Published by: THE WORLD UYGHUR NETWORK NEWS October 27, 1997

10/25/97, Reuters, by Jane Macartney

KASHGAR, China, Oct 26 (Reuters) - In China's westernmost city of Kashgar hundreds of mourners filed into the Aidkah mosque to bid farewell to Abdul Miti, remembered for his part in an anti-Chinese rebellion of the 1940s.

Miti, 65, had died in the night and was buried within 24 hours in accordance with Moslem law.

He was guaranteed a solemn send-off in China's second largest mosque by his position as a government official and as a veteran of the 1946 ``Three Districts Revolution'' against the ruling Nationalists that was co-opted by the communists, who were then in opposition.

Recent uprisings in the western Xinjiang region against rule from Beijing have been met with less warmth by China's communist rulers. Ringleaders and participants have been swiftly executed or jailed.

``The situation is now very stable,'' said Liu Yushen, head of the Foreign Affairs office of the Xinjiang Autonomous Region.

``Relations between the Han and the minorities are very harmonious, there are no major problems in living and working in peace,'' he said.

OUTWARD DISPLAYS OF PEACE AND HARMONY

Ethnic Han Chinese account for about 38 percent of the 16 million people in Xinjiang. The rest are Turkic-speaking Uighurs and other mainly Moslem minorities.

Not all are happy with Chinese rule, officials say.

``But these are a very tiny minority,'' said one official in the town of Khotan.

Khotan was rocked by bloody riots two years ago when some 800 people protested against the removal of a charismatic mullah whose speeches were drawing huge crowds.

The town of Kashgar has also seen anti-Chinese unrest in the past but for the moment seems relaxed.

The great Sunday bazaar in Kashgar sees thousands of Uighurs gather to market their produce and to sell and buy livestock.

One Uighur cloth merchant sitting cross-legged among his colourful wares looked amazed when asked whether he disliked his Han Chinese rulers.

A young Uighur hammering molten gold into earrings over an ancient anvil shrugged and smiled at a similar question.

``My business is good, I am happy,'' said another artisan selling musical instruments in the old city.

Any police or military presence is extremely discreet in Kashgar and Khotan or in any of the smaller trading towns along the southern Silk Road that runs between Xinjiang's Taklamakan desert and the Kunlun mountains.

There is little sign that Beijing is using the army as a force to intimidate its unruly Moslem minorities.

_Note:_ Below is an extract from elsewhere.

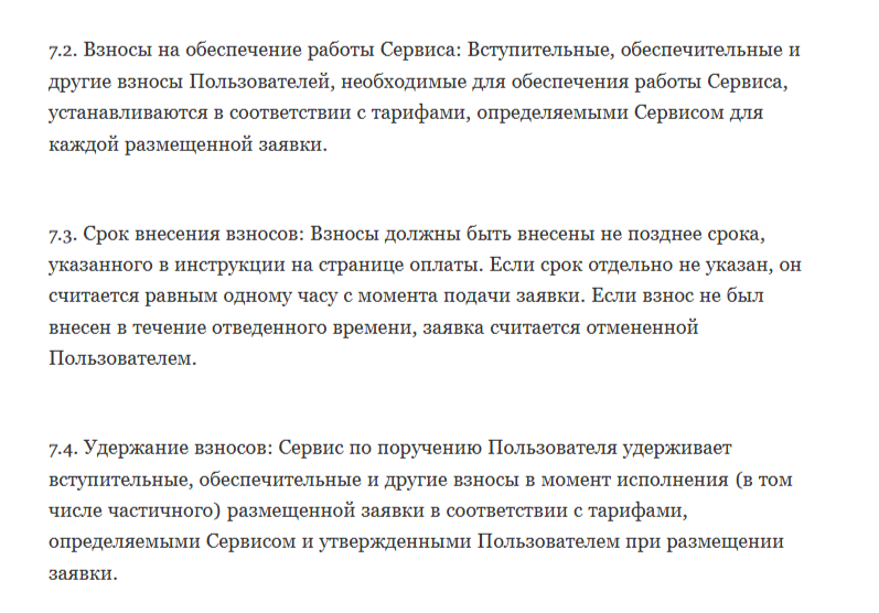 Из информации, представленной пользовательским соглашением, читатели могут узнать, сервис требует оплату вступительных, обеспечительных и других взносов. Они должны быть внесены не позднее срока, упомянутого в инструкции оплаты. Какова величина платежей можно узнать после верификации и начала сотрудничества с проектом.

CRACKDOWN ON VIOLENT DISSIDENTS

The only overt indications of trouble are tattered propaganda banners strung across roads in small market towns.

``Fight against violent crime and oppose splittism to protect the motherland,'' reads one banner written in both Chinese characters and Uighur Arabic above the main road in the trading town of Yarkand.

Xinjiang's Han Chinese Communist Party leaders have called on the region's people to erect a ``great wall of steel'' to fight separatists and to crack down on those who use religion to foment unrest.

Last February, anti-Chinese riots in the town of Yining on the border with Kazakhstan left nine dead and 198 injured.

In May, eight people were executed for the planting of home-made bombs on buses in the regional capital Urumqi. The explosions were timed to coincide with the funeral of the late leader Deng Xiaoping.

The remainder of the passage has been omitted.